CONFLICT is brewing at the Cockermouth James Walker and Co site as workers turned down the company’s final pay rise offer.

The Unite union for the Gote Road site voted 92.3 per cent against taking a final offer of 2.25 per cent and it is believed industrial action could be on the way.

A member of staff who did not want to be named said that issues in the factory go beyond the pay: “It’s the current management, there’s no structure. The management work what they want and it’s basically upset the shop floor.

“We didn’t take a pay rise last year due to the Covid-19 pandemic.”

James Walker and Co is an international manufacturing group involved in fluid sealing technology.

Since the Cockermouth site’s inception in 1969 it has become a major player in the company and has been subject to a £3 million investment in the past five years.

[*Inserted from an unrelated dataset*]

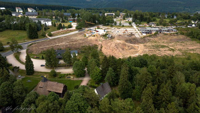 ![]() Abbildung 23: Luftbild der Baustelle; während diesem Zeitpunkt ist nur der Schacht in Bearbeitung, die Halde noch nicht gerodet, alle Garagen stehen noch, Foto: Torsten Koschel.

The factory is one of the county’s largest employers and was earmarked for a move to Lillyhall in 2017 following the impact of flooding to the site in 2009 and 2015.

However, rather than relocate to Workington, bosses decided to invest in greater flood defences for the Cockermouth site a year later.

A £2.6 million investment from the Local Growth Fund was awarded to the site for flood protections.

The source said: “The biggest thing this year, at the time when we voted not to take a pay rise, last year the company directors were taking bonuses in excess of £30,000 a week.”

They said that morale is at an all time low and the family business feel of the factory has gone.
“They’ve just been driving wages down for quite a considerable amount of time. We just want what we think workers are entitled to.

“2.25 is what they offered this year which equated to 238,000 for the whole site for the year. They make 260,000 between seven of them.
The source said that the current workforce are “not bothered about coming to work it was a family feel when I started.”

They said: “About 60 to 70 per cent of that vote probably wasn’t about the pay it was about the management and the way the place is run. A lot of people have had enough now.”

Ed Surman, site director for James Walker and Co Limited, said in a statement: “James Walker & Co are currently in on-going negotiations with the union Unite regarding a 2021 pay award for the employees at the Cockermouth site. 

“The negotiation process is not yet complete and we welcome constructive dialogue with Unite at our next meeting which is scheduled to take place later this month.”